Experts have said that the mad scramble by employees to obtain their Certificates of Fiscal Situation has caused more harm than good: It has resulted in work absenteeism, wasted office time, lost productivity and workers asking their colleagues by proxy to obtain their certificates on their behalf.

Because of this added burden to both employers and employees, a request was made by a group composed of public accountants, private individuals and the Taxpayer Defense Attorney’s Office (Prodecon) for the SAT to postpone its deadline to January of next year.

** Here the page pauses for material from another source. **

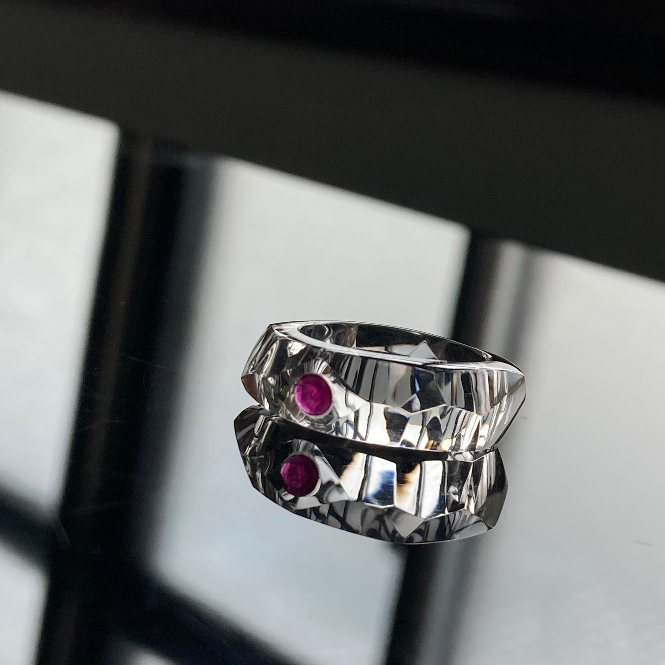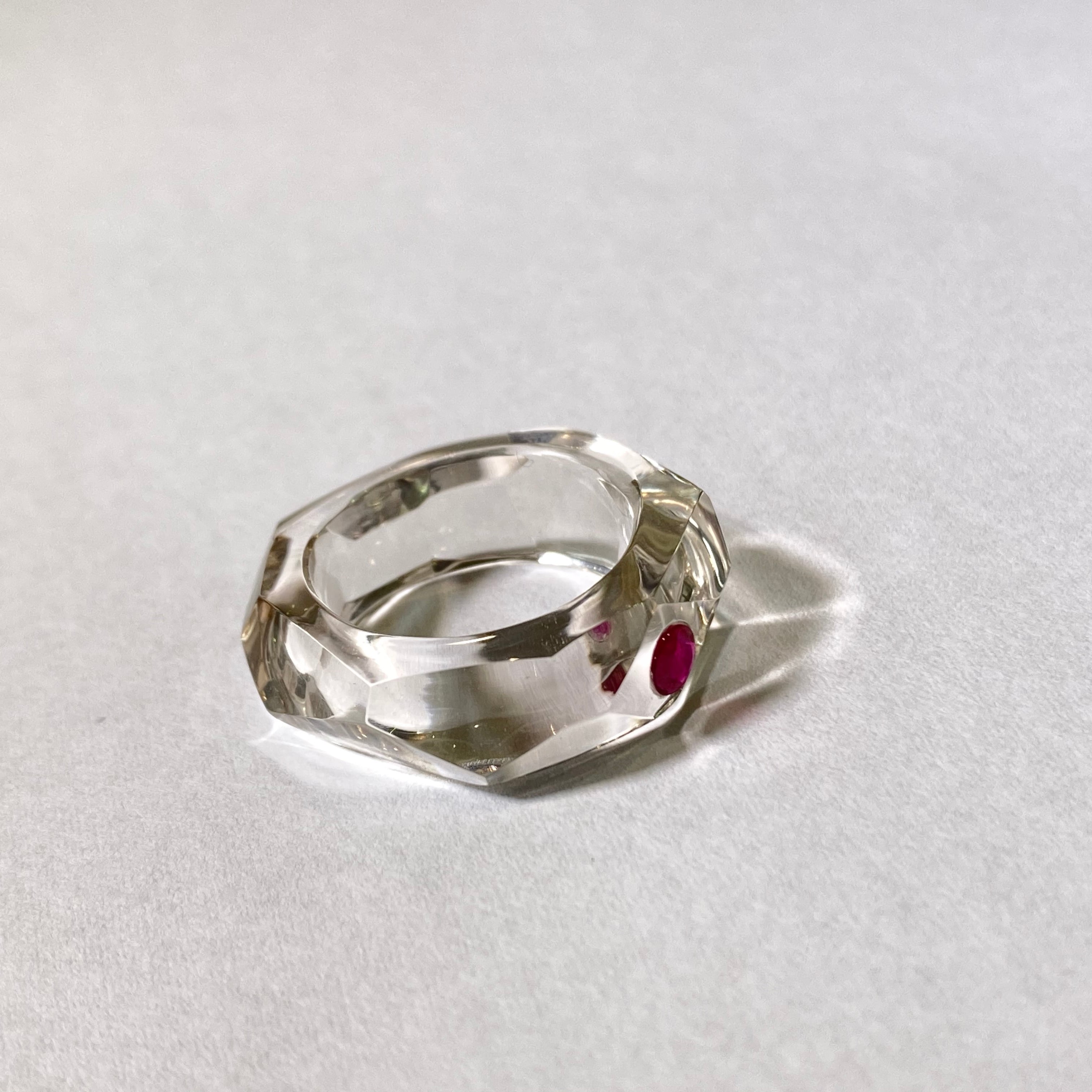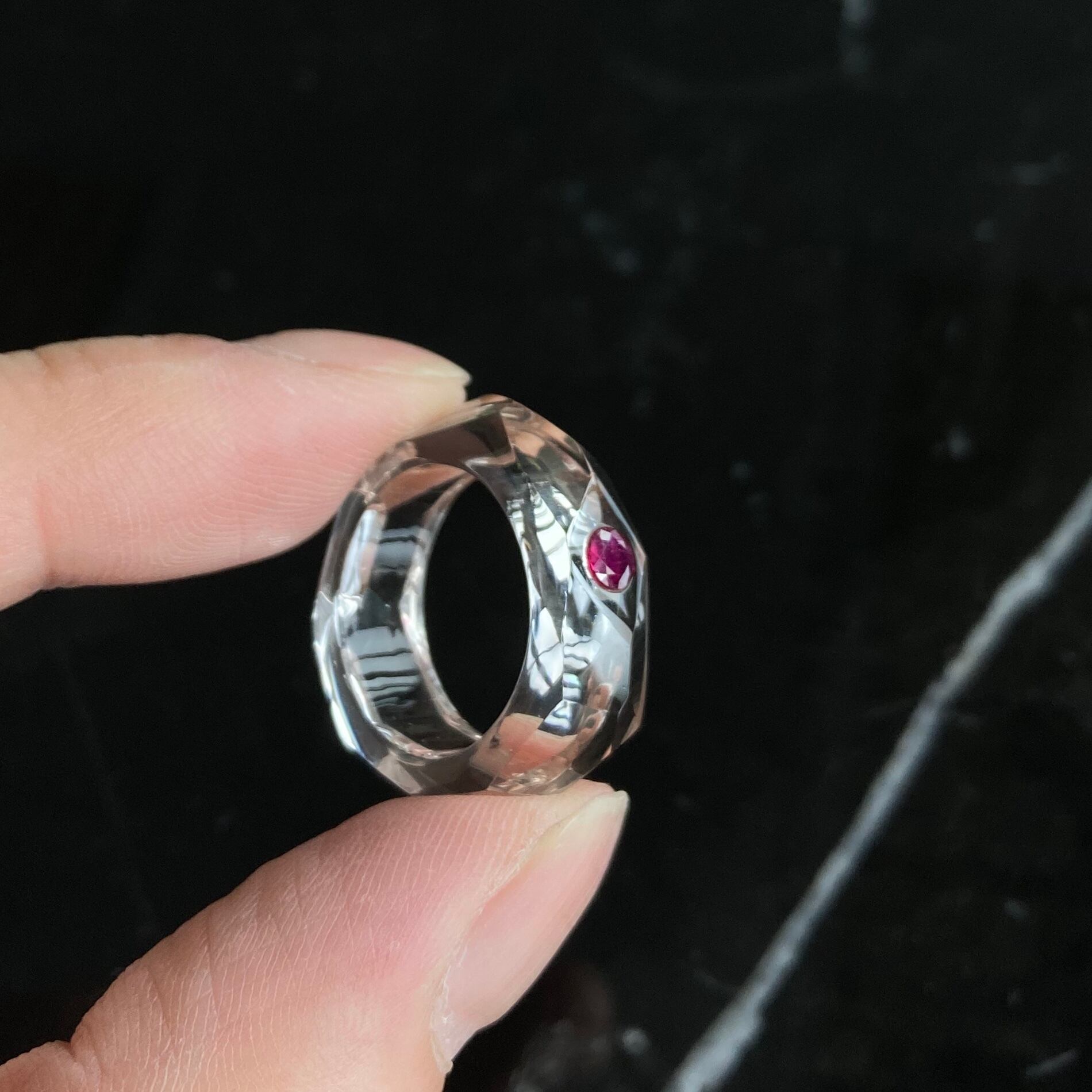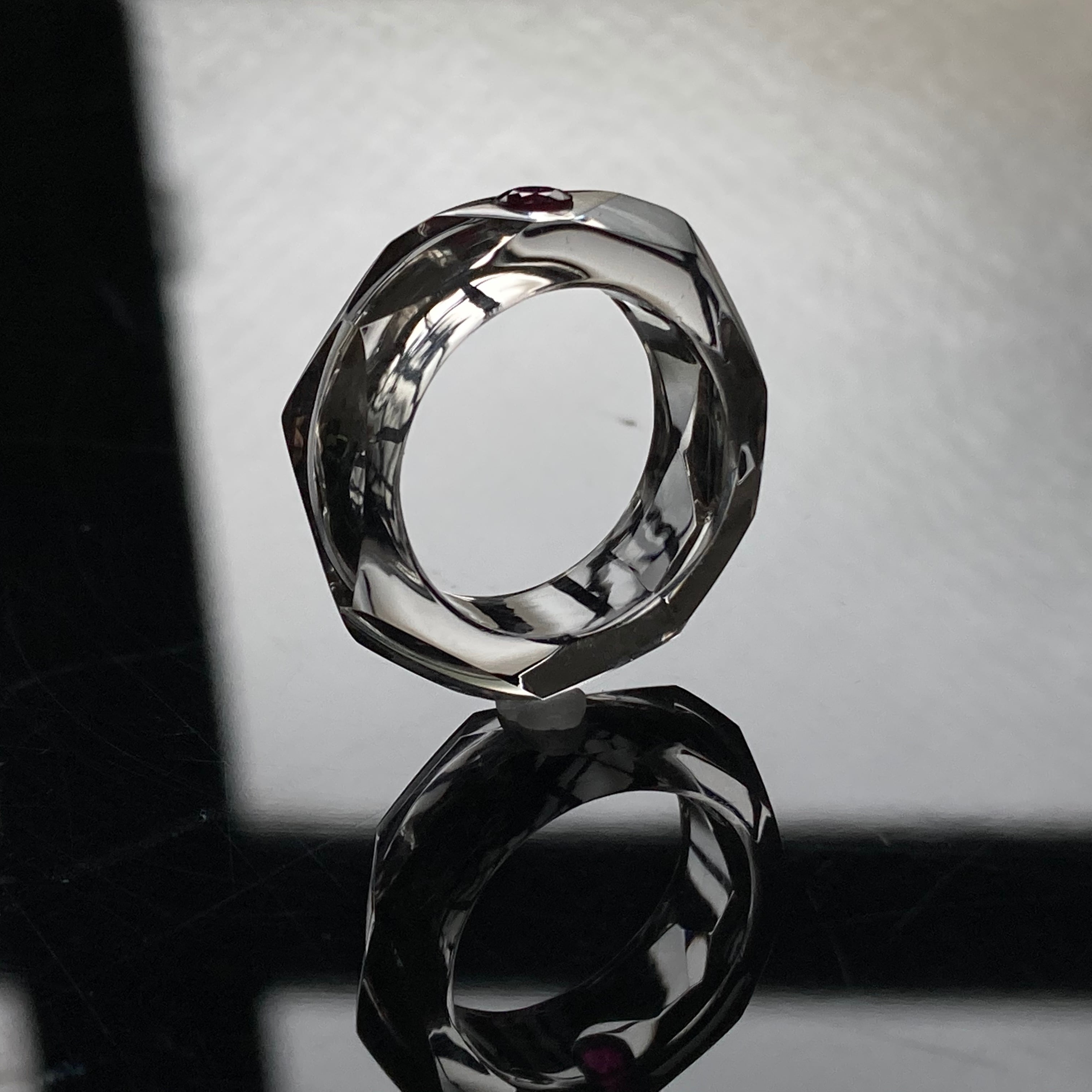 フリーハンドでカットした水晶のくりぬきリングにルビーをセットしました。

According to Jesús Rodríguez Ambríz, president of the Mexican Association of Public Accountants (AMCP), the original deadline — which gave people barely three months to comply — was a waste of time and money for both taxpayers and companies. He stated that SAT authorities mishandled the situation, citing long queues and barely functional online services from the SAT website, which caused the long lines in the first place.

The president of the Mexican Institute of Public Accountants (IMCP), Laura Grajeda, said that the new deadline was a huge relief, especially in the midst of what could be the fifth wave of the covid-19 pandemic in Mexico.

“It was a wise move to give more time in the face of rising covid-19 cases that we are seeing in several states,” she said.

In turn, Pablo Cervantes, a member of the Fiscal Technical Commission of the Association of Public Accountants of Mexico (CCPM), agreed that extending the transition period was the right decision, to avoid causing greater financial damage to both workers and employees.

In addition, according to Mexico’s Finance and Public Credit Secretariat (SHCP), it now costs more to be in good standing with the treasury than a year ago.

An individual taxpayer now has to pay 13,128 pesos to be in good standing with the Treasury, when a year ago the requirement was only 10,654 pesos. For companies, the increase went from 38,000 pesos last year to 50,226 pesos this year.